I have been with CHSO "before time began" (2000). Before that, Paul contracted ad hoc groups of musicians for productions at Franklin School of Performing Arts. At that time (1996 or so), my wife worked for his wife Sue at a transcription business in Milford. Sue invited us to a Christmas party at their house on Claflin St.

I met some fellow musicians there, I got hired on for "King and I" and "Guys and Dolls" at FPAC and segued into CHSO when it started up. In the first CHSO concert (May 2000), we did ?Orff's Carmina Burana with a ?Dvorak Wind Serenade.

Nearly twenty-two years later. The camaraderie was amplified in our work towards the most recent concert on February 5, 2022. Shostakovich, Prokofiev and Borodin. Paul said he plans four rehearsals for each show. At the fourth rehearsal (the performance itself!), the audience gets to come! We are constantly striving to meet the challenge and make it better the next time (albeit in a different program, the next set of repertoire.)

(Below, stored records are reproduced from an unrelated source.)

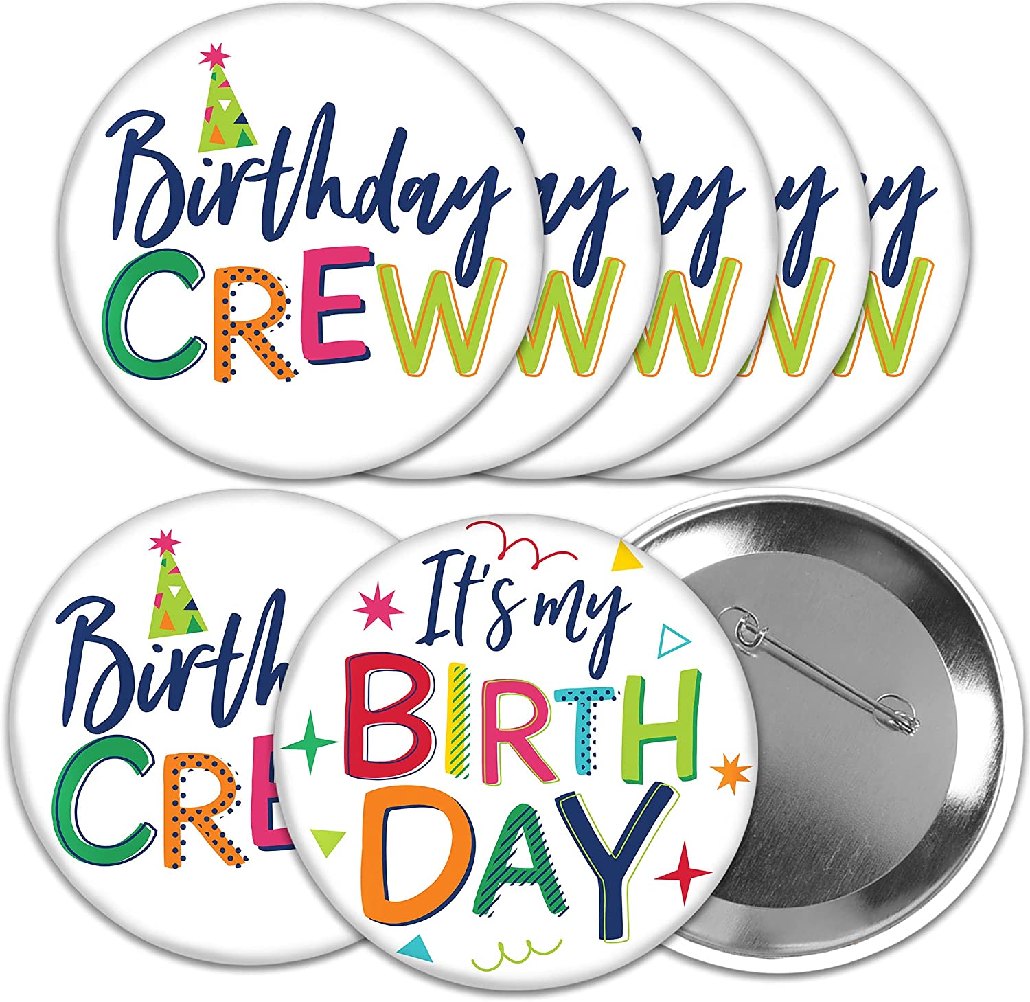 Cheerful Happy Birthday - 3 inch Colorful Birthday Party Badge - Pinback Buttons - Set of 8 is backordered and will ship as soon as it is back in stock.
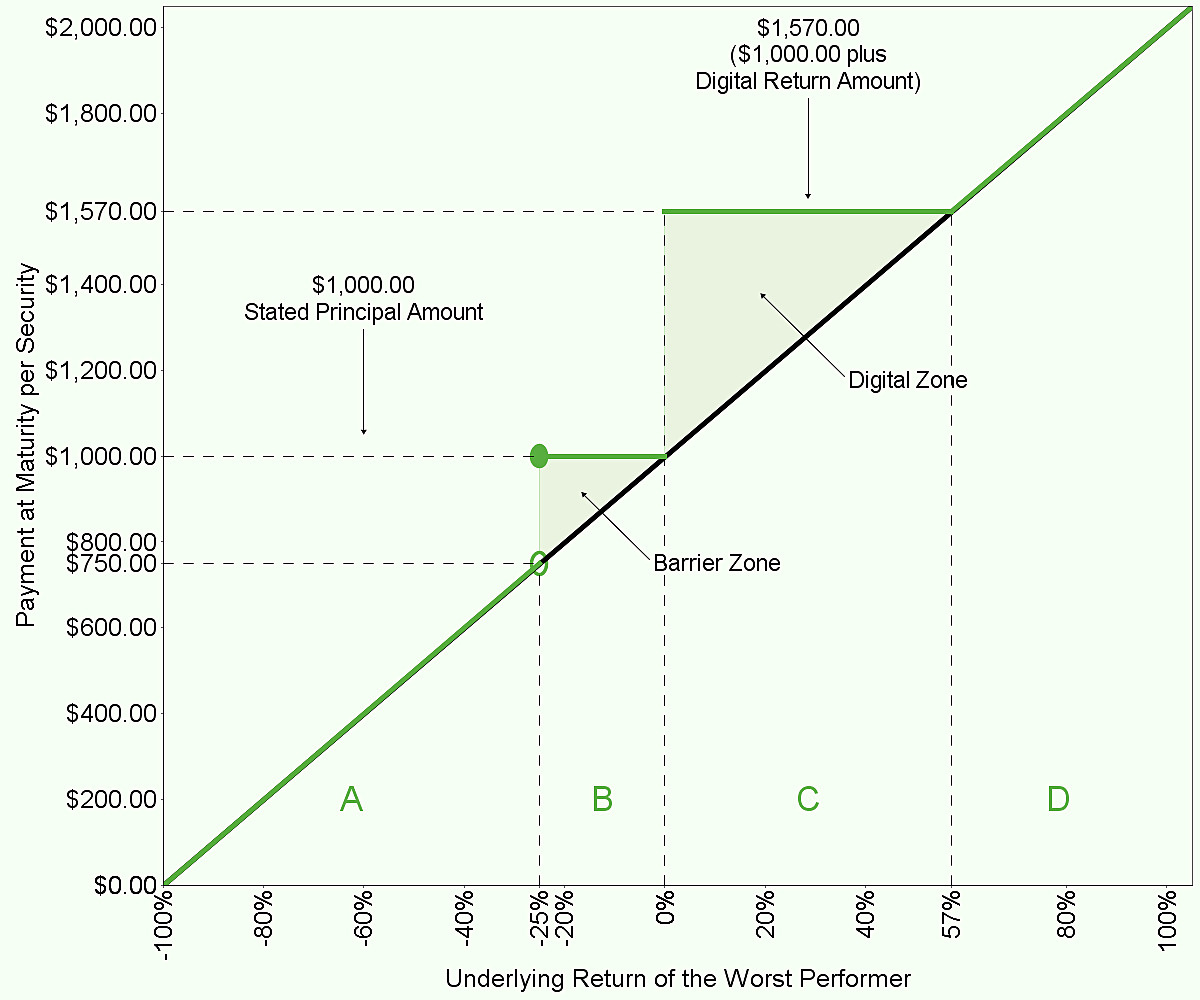 •If the final underlying value of the worst performer is greater than or equal to its initial underlying value: $1,000 + the greater of (i) the digital return amount and (ii) $1,000 × the underlying return of the worst performer •If the final underlying value of the worst performer is less than its initial underlying value but greater than or equal to its final barrier value: $1,000 •If the final underlying value of the worst performer is less than its final barrier value: $1,000 + ($1,000 × the underlying return of the worst performer) If the final underlying value of the worst performer is less than its final barrier value, you will receive significantly less than the stated principal amount of your securities, and possibly nothing, at maturity. All payments on the securities are subject to the credit risk of Citigroup Global Markets Holdings Inc. and Citigroup Inc. |
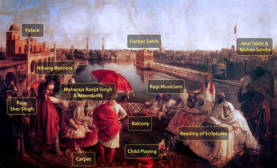The painting of Maharaja Ranjit Singh at Darbar Sahib if full of interesting details and important historical information. From the location, to the people to the scriptures, everything depicted has a story to tell. Read the stories and analysis of various parts of the painting by clicking on a section below.
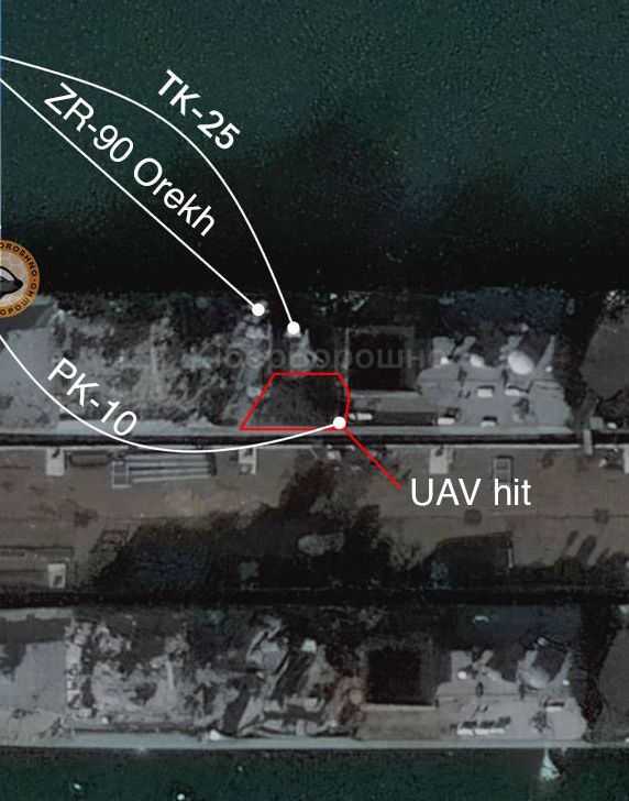 2026年3月4日新西斯克羅基地裡埃森上將號(Admiral Essen)巡防艦的衛星照, 中部上層建築因為UAV攻擊而受損,該處的電子戰與火控設備咸信遭受破壞。 在2026年3月5日,烏克蘭國家安全局(SBU)宣佈,SBU與烏克蘭國防軍武力在3月1日至2日成功襲擊黑海艦隊停靠在新西斯克羅(Novorossiysk) 的埃森上將號(Admiral Essen)巡防艦。SBU透露,烏克蘭以無人飛行載具(UAV)擊中埃森上將號的中部上層船樓,摧毀該艦的作戰、防衛與電子系統,火勢在艦上延燒18小時,造成廣泛破壞。根據3月4日衛星照片,被襲擊後的埃森上將號中部上層出現燒痕,在該處被摧毀的設備可能包括TK-25電子戰系統、PK-10誘餌發射器、MR-90火控雷達,而Fregat-M2M對空監視雷達可能也被波及。埃森上將號是黑海艦隊可以發射口徑(Kalibr)巡航飛彈攻擊烏克蘭的平台之一;SBU宣稱,此次攻擊對埃森上將號造成嚴重破壞,無法再對烏克蘭領土發動攻擊。
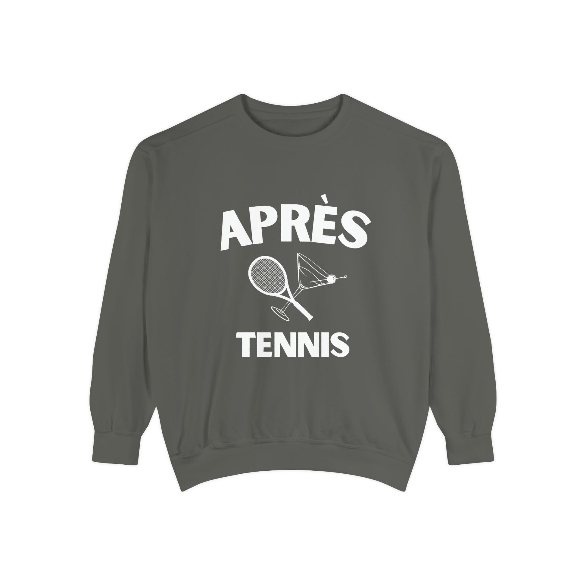 Elevate your laid-back style with this Unisex Garment-Dyed Sweatshirt, and did I mention it's Comfort colors!! This cozy yet chic piece radiates a relaxed vibe, perfect for lounging at home or enjoying a casual day out with friends. Featuring a striking 'APRÉS TENNIS' design, it showcases your passion for the sport while keeping you effortlessly stylish. Ideal for tennis enthusiasts or anyone who loves the sport's laid-back culture, this sweatshirt makes a fantastic gift for birthdays, holidays, or simply to treat yourself. Experience the comfort and unique colors that are perfect for spring and summer outings, or for cozy fall evenings. Available in a relaxed fit, it is perfect for pairing with your favorite jeans or shorts.
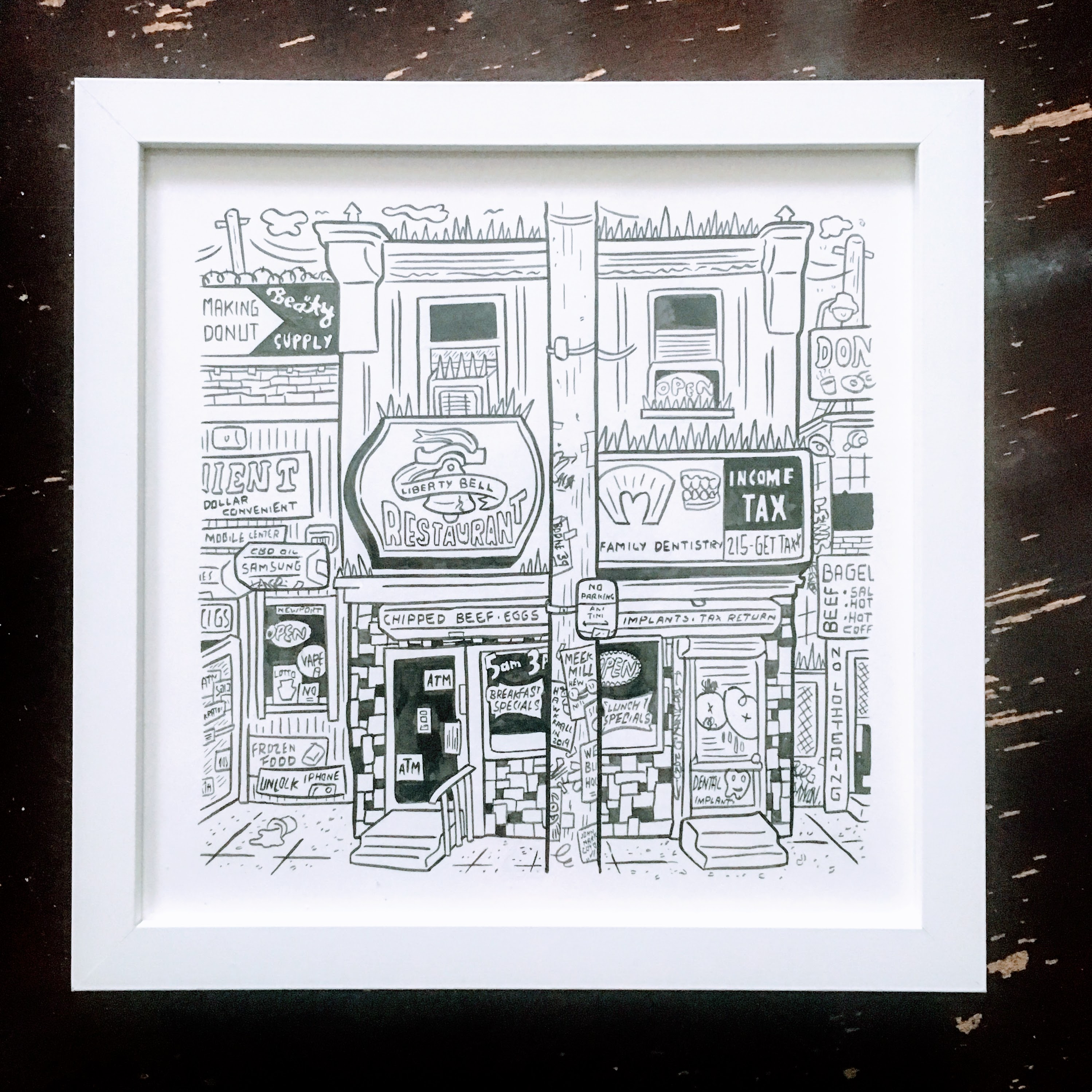 2019, 9” x 9, Original Art, Ink on Arches Paper; framed in white.

The performance crystallizes us at our best at that moment in time. We are acutely aware of our stand partner, our section, our distant sections of the orchestra, listening like hawks, amplifying the markings printed in the music, and the personal notes we took from our experience in the three prior rehearsals. Invariably, the Hippocratic oath, "Do no harm!" (meaning don't be a soloist during a silent moment or play loudly out of tune in an exposed passage), and in every case, make the good resound more clearly than you ever did before. It is group-think of a very noble kind.  

In a busy orchestra texture, the good and desired intentions reinforce each other, and the anomalies get buried – fortunately! -- the result is miraculous if the conductor has prepared the way for us in our good thoughts.

In the Shostakovich, Paul perceived that Shostakovich intended some sections as machine-like and needing to move forward without dwelling on specific notes and adding in extra emotion that some phrases might imply.   ...because that slows the momentum of it all. Even if a bit of some melody could be a snatch of a love ballad in another context, he needed us to play it dispassionately. He illustrated it by voice…. two robotic people conversing... "Would  you  like  to  go out   together   Saturday  night? …….. "Yes  I  would  like  to  go   out.   Thank    you."  

In the opening Violin II passage, Paul said, "Play warmly." I penciled in "Warm" in my part, and with warm imagination played it so at the concert.   The warmth there was as cogent as the robots elsewhere!

After the concert, Paul remarked, "I was afraid I'd have a heart attack whipping those string players along at tempo!" We did our best, he did his best, and we all achieved an elevated state of being in those moments.

My memories of all the conversations and comments helped me make it happen in my little corner of the ensemble.